Objective: To explore the regulative effect on Survivin of r-HuEPO after traumatic brain injury (TBI) in rats, and understand the neuroprotection mechanisms of r-HuEPO. Methods: Seventy-eight adult Wistar rats were randomly divided into sham operation group (n = 6), TBI group (n = 36) and r-HuEPO group (n = 36). The experimental TBI model was created by Feeney’s method. Samples were obtained after injury for measuring apoptosis of cells by Epics XL Flow Cytometer. Immunochemical method was performed for inspection of expressions of Survivin and NF-κB proteins. Results: Compared to the sham group, the number of apoptotic cells and Survivin, NF-κB immunopositive cells was significantly increased in the injured brain after TBI (P < 0.01). R-HuEPO significantly increased the expression of survivin and NF-κB, but decreased the apoptotic rates.
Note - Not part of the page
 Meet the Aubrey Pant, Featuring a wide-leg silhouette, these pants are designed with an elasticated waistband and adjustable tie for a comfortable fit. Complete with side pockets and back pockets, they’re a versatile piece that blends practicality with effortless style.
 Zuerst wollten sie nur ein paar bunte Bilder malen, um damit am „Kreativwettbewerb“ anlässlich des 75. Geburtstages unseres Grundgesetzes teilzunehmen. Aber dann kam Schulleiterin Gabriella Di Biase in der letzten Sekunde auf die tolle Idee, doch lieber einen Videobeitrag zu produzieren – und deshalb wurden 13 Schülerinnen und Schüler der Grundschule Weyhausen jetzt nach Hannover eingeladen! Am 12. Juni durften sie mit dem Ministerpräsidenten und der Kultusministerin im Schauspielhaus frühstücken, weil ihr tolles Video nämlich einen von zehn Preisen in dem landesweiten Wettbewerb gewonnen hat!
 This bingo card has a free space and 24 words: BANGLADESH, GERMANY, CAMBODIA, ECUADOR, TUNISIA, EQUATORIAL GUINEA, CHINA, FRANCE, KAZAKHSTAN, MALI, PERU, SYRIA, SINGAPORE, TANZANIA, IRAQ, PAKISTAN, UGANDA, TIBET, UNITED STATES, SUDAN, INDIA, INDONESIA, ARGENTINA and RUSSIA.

Conclusion: Increased expression of NF-κB by r-HuEPO may play important role in regulating Survivin level, inhibiting neuronal apoptosis in cortex and exerting protective function to neurons.

1. Introduction

Survivin was one of the new-found genes of the apoptosis inhibitor family. The protein expression of Survivin increased significantly after traumatic brain injury (TBI), nevertheless, it does not express in normal differentiated mature tissue. Recombinant human erythropoietin (r-HuEPO) has neuroprotective effect after traumatic brain injury (TBI), however, the specific mechanism of it was still unclear [1,2]. This study is to explore the effect of rHuEPO on NF-κB, Survivin and cell apoptosis after TBI in rat, in the mean time, illuminate the potential mechanism of neuroprotective effect of r-HuEPO.

2. Materials and Methods

2.1. Main Instruments and Reagents

Epics XL flow cytometer (United States Becman-Coulter), BI-2000 image analysis system (Cheng du Tai meng Technology Co., Ltd.), r-HuEPO (Bei Jing Fourth Ring biopharmaceutical Ltd., Lot # S20020045), NF-κB P65 monoclonal antibody, Survivin polyclonal antibody. Santa Cruz Products, SP Kit and the DAB reagent (purchased from the box in the Shan Jin Qiao Biotechnology Limited in Beijing).
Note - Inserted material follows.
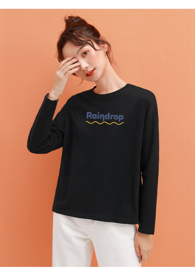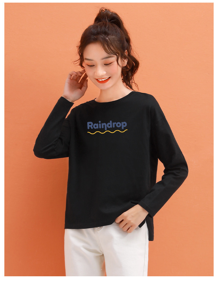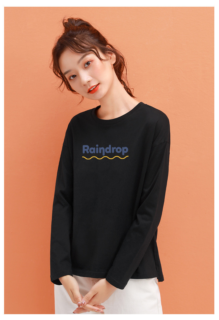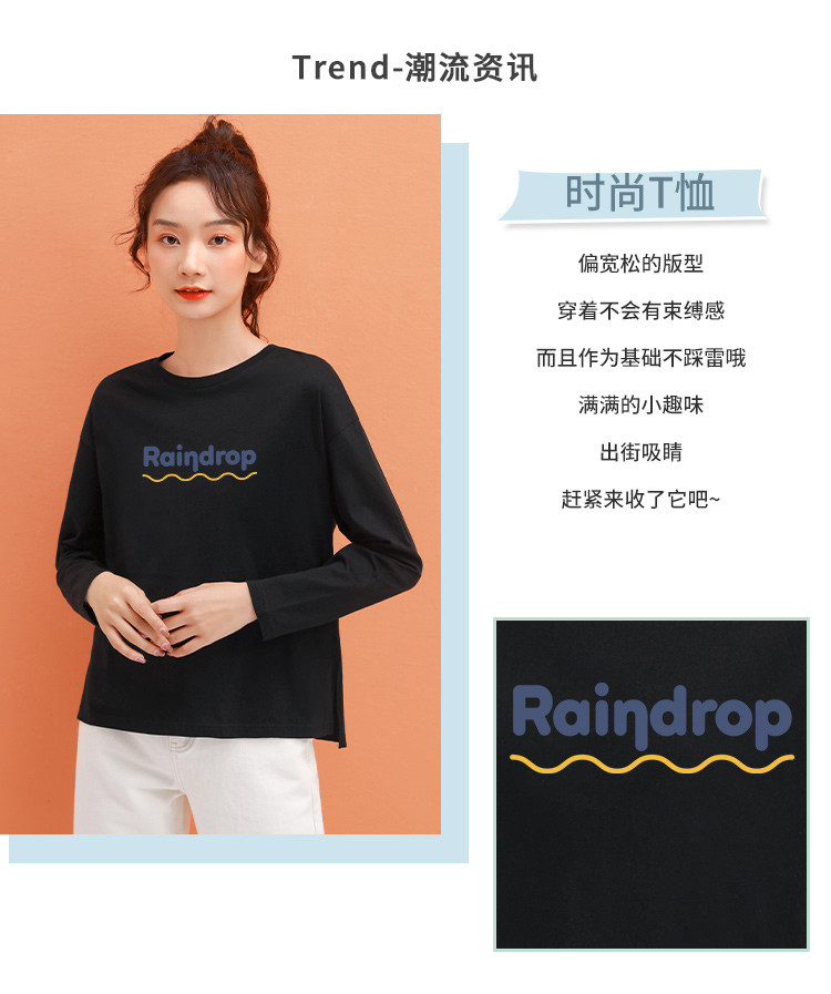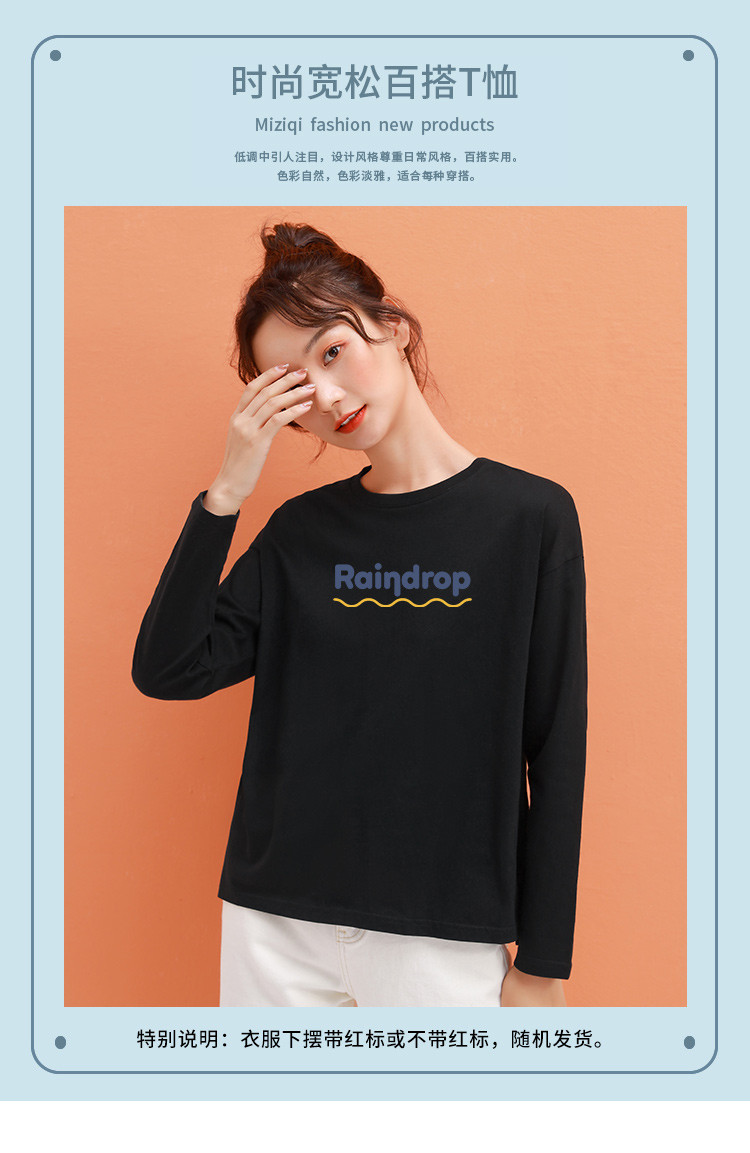 商品名称:米子旗春秋女式T恤宽松圆领字母印花百搭潮流长袖上衣女 113562

2.2. Experimental Animal and Groups

Healthy male Wistar rats, SPF, weight (260 ± 20) g, (Provided by Faculty of Medicine Centre for Experimental Animals, Gansu provinces, as SCXK (GAN) 2004-007). Animals were randomly divided into sham-operated control group, brain injury group and r-HuEPO treatment group, which administrated with intraperitoneal injection of r-HuEPO (3000 IU/kg) after TBI.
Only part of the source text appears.